My artist friend visited this blog recently and asked me why I hadn’t been blogging. I said that I had been feeling sad for the past few weeks, and didn’t feel creative and able to write anything. She said, “use that sadness in your writing.”
I was reminded of a Neil Gaiman quote:
Life is sometimes hard. Things go wrong, in life and in love and in business and in friendship and in health and in all other ways that life can go wrong. And when things get tough, this is what you should do. Make good art.
Over the past two weeks I have been stretching myself quite a bit, taking on two coaching clients, doing additional coaching drills, and attending extra coach training. I also have my day job to tend to, so I felt very stretched and tired. I realised one of the reasons I was feeling so tired was because I had become very stressed about my results in coaching. Not because my clients weren’t performing well but because I had begun to doubt myself and my coaching ability.
I’ve always doubted myself, and I mean always. Even when I succeed I doubt my success. Even when I’m happy I doubt my happiness. There is never a time when I am not doubting myself. Doubt leads to feeling not good enough, and when I feel not good enough I shrink away. I withdraw and start doing less than what I could.
I love coaching and writing, and both activities require me to put myself out there. I have to bring my entire being into what I do, I have to put my heart and soul into every moment of it. So when I doubt myself or start feeling good enough, my coaching and writing start to shrink as well. The limits I place on myself affect everything I do.
Before I became a coach and a blogger I often asked myself who was I to think I could make a difference to people? Who was I to become great? Then I read the book by James Altucher, “Choose Yourself”. It said that nobody was going to choose me to become great. I had to choose myself. So I chose to pursue my dream. I chose to believe in myself.
Sometimes in our lives we seem to be waiting for something. We’re waiting for someone to give us permission. We’re waiting for someone to choose us. We’re waiting for a hero who will come along and make everything okay.
I’ve realised that the best person who can give us everything we want is ourselves. We are the ones who can give ourselves the courage and love and encouragement and support we need. If we’re not going to be there for ourselves, then who is? If we don’t believe in our own dreams, who’s going to?
The real fight
We love the superheroes like Wonder Woman and Captain America because they’re larger than life, because they fight the good fight, because they stand for something larger than themselves. That hero is in us too. We can be something more than what we believe we are. We are capable of more than we know. We deserve more than we think we do.
The real fight is not with some terrible amorphous evil out there. The real fight is inside us. We fight our own fear, our own apathy, our own insecurities, our own doubts. We fight the voices inside us that tell us nothing we do matters, that we can’t make a real difference, that we don’t deserve better.

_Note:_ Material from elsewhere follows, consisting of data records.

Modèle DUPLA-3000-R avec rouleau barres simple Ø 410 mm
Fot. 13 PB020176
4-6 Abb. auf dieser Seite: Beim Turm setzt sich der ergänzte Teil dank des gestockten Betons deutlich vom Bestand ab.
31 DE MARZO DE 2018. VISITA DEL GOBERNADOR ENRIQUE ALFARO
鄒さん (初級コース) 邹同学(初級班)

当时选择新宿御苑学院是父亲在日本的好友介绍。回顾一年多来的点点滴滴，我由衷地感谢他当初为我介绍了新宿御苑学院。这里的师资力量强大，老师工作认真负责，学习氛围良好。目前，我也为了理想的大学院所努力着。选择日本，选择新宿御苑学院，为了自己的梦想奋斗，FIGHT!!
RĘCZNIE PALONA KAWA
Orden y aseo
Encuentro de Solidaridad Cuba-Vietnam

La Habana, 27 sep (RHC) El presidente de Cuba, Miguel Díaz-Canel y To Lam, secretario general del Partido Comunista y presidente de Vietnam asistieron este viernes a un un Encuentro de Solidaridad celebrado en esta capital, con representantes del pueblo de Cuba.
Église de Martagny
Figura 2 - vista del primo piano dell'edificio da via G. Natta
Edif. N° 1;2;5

The real fight is in each and every moment of our lives. Each living moment we make a choice to be less than who we could be, or to become more. In each moment we make a stand for courage and greatness, or we fall for fear and doubt. We can choose to believe in possibilities or to succumb to resignation. Whether we win the fight in these little day to day moments determines the long-term quality and potential of our lives.
Making a difference
Even though I have been hearing a voice inside my head to become a writer for half a year now, I procrastinate often. I wonder if I’m good enough to have my words read by people, if what I say matters. But today I put all of that aside. Despite my fear and my apprehension and my worry, I got myself out of bed and wrote this article.

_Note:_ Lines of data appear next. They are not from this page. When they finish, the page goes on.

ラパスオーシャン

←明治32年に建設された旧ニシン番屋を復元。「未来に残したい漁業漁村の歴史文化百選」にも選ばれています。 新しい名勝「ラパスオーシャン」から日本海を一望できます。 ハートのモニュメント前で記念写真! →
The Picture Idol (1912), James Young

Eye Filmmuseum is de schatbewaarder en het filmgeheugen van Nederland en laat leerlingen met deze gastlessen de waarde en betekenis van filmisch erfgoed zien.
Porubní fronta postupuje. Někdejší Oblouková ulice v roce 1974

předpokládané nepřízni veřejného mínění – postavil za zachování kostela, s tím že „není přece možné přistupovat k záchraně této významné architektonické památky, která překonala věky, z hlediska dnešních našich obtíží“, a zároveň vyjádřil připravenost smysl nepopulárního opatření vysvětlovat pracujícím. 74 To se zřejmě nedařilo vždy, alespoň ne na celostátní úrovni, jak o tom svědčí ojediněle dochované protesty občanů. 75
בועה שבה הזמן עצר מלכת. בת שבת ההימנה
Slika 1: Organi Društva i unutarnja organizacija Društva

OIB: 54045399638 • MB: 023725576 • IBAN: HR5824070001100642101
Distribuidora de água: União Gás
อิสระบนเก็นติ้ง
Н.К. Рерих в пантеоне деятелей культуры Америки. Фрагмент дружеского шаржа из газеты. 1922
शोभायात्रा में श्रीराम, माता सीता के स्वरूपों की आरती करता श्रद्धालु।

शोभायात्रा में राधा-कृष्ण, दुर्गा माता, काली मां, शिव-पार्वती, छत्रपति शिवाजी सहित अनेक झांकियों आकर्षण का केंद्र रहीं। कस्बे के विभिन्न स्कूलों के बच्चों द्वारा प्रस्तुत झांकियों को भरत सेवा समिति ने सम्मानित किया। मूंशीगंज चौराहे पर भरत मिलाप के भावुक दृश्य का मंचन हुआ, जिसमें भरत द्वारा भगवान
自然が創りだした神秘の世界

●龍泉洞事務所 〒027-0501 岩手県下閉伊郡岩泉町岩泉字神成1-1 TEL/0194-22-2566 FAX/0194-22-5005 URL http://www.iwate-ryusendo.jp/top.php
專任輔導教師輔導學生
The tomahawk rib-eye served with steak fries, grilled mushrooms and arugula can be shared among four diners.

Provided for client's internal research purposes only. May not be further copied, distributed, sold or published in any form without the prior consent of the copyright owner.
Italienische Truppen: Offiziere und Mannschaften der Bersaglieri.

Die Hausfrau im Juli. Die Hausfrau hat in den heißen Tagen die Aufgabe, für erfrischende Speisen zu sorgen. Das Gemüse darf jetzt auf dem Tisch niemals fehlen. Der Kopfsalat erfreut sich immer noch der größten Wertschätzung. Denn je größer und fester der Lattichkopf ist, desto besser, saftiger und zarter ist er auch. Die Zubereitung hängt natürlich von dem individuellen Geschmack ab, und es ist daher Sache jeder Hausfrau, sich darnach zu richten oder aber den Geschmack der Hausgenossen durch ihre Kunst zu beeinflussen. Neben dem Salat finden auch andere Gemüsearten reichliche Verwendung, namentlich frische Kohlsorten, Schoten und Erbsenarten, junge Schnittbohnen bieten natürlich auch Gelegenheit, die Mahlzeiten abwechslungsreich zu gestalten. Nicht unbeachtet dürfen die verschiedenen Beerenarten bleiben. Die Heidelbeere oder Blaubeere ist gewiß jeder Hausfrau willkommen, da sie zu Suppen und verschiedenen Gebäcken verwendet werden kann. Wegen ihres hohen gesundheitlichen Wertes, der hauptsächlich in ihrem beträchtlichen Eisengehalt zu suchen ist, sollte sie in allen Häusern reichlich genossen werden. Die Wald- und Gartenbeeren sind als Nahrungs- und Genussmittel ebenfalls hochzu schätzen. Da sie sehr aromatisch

I’ve learned that what we do does make a difference. When I started this blog and shared it on social media, I received messages from friends and acquaintances saying they liked my work and my writing. I never imagined that simply putting myself out there would generate such warm response and support. But the world pleasantly surprised me.
I often wish that I could give more and be more and do more for this world and people around me. Seeing the gap between where I want to be and where I am now is daunting. But that doesn’t stop me today from taking a tiny step closer towards the shining star calling me towards a vision for myself and the world that is great and beautiful.
I wish for you to find the courage and strength to embark on your own journey to discover for yourself who you can be. Imagine the day when all that doubt and fear falls away and all that’s left is a bright diamond reflecting the core of who you are, and everything you do radiates from that light. I believe this is worth every step of the long and arduous journey. And I wish you to join me.